I bought a bottle of DuClaw Euforia (Toffee Nut Brown Ale) and had this exact same expectational let down. It was a pretty tasty beer, but I bought it expecting (if not wanting) toffee, nuts, sweet, grainy flavor. Weird how one word can establish an entire spectrum of expectation.
I think (and hope without writing a whole separate essay on American food culture) that this can be tied to a bigger theme. Americans have done something irreversible to taste by constantly pushing the acceptable boundaries of food. American versions of Asian and Italian are salt and sauce laden monstrosities compared to what their original recipe designers had in mind. I’ve had people look at me straight faced and tell me they don’t think fresh fruit is “sweet enough” mainly because they drink soda all day long.

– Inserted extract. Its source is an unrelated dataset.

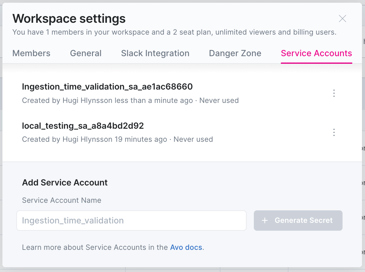 Navigate to your Service Account Workspace Settings (opens in a new tab) or open the settings cogwheel in the Avo sidebar, select

Our expectations have been taken to the extreme by all the extreme food we eat. If it doesn’t live up, or achieve a flavor that is probably actually a parody of the flavor it’s supposed to be, it gets labeled a failure.
MOAR FLAVERZ PLS.
But yes, there is most certainly a broader issue at hand. Subtlety is not a particularly valued American virtue, but it provides an odd history of sorts with beer. It wasn’t long ago Keystone was made famous by the “Bitter Beer Face” ads because all hell would break loose if there were other flavors to beer than … “beer.” Even today, the Big Boys of American Lager are very careful to pursue well-articulated descriptions, lest the general public taste anything other than “beer.”

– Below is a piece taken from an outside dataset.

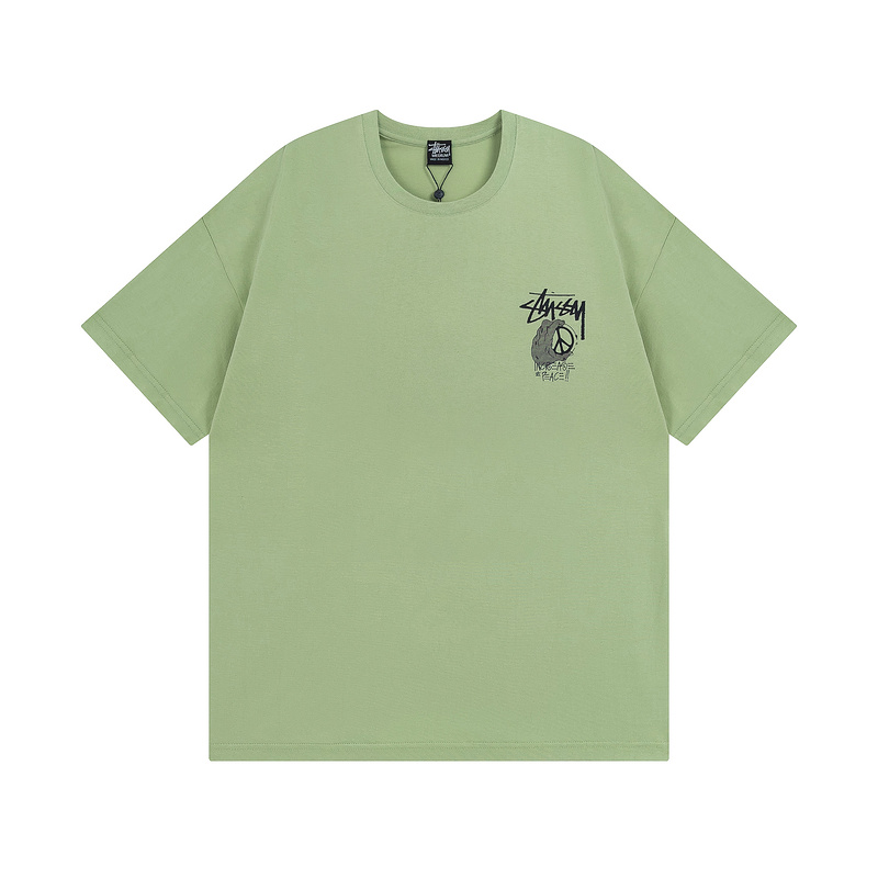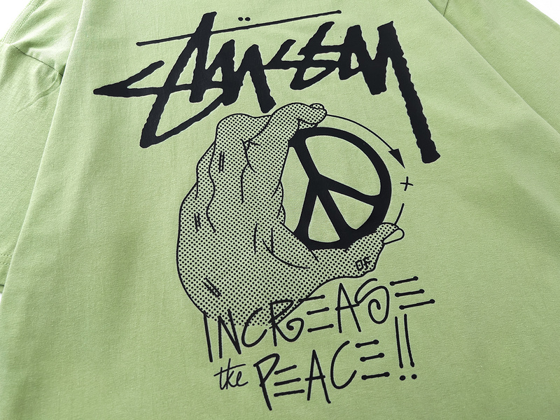 Футболка Stussy цвета зеленого чая с фирменным ярким принтом peaсe

It’s like when Heineken announced they were going to start using Cascade hops in their beer. It was made to be a selling point, but the “fine print” explained they weren’t actually going to change the taste of the beer at all.

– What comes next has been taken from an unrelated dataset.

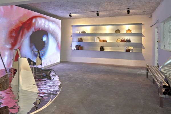 전시장 1층은 쿠론의 새로운 컬렉션 중 하나인 ‘뉴 트렌디’의 주력상품 ‘쉐이퍼 숄더백’을 형상화한 대형 메탈 조형물이 설치된다. 쿠론은 이번 시즌 컬렉션을 크게 ‘뉴 클래식(NEW CLASSIC)’과 ‘뉴 트렌디(NEW TRENDY)’로 이원화하여 전개하고 있다. ‘쉐이퍼 숄더백’은 1960년대 모더니즘 시대의 건축물, 조형물에서 영감을 받아 언발란스한 형태의 기하학적 디자인이 특징인 제품이다.

“Nut brown” to me evokes a colour, not a flavour.. like “golden brown”, but I accept your point about nominative determinism. It’s all about the planted seed, and can also be observed at tastings when someone suggests a novel flavour interpretation which quickly becomes unanimous. My brother and I have had fun offering absurd ideas only to have the host and others nodding sagely, “Yes, yes, I can taste the rambutan and play-doh, and the lingering Cheerios…” But if I say something reminds me of vegemite, I’d probably lose an American audience, because there is no common experience. Labels, then, must offer a reasonably generic profile to capture the nostalgia of flavour or aroma of targeted consumers. Out also speaks to a lack of sophistication of the palate or an eloquence to articulate the complexities encountered by the tongue. Strong fruit flavours are instantly identifiable, so we hear “citrus” out “passionfruit” often, but subtle esters are less easy to find words for. So if the label spells it out, in the name or the tasting notes, or marketing spiel, that becomes a point of reference. I once (last year) had a “Cock Ale” which reassuringly (in one sense) went on to explain a whole chicken had been steeped in the brew. I honestly don’t know if it really tasted of chicken, or was merely foul…
^gets it.
I can’t help but fully agree with all this. Wonderfully spelled out, for sure. It’s a delicate balance, this art of brewing, and like other arts, there is room for interpretation beyond what the artist intends.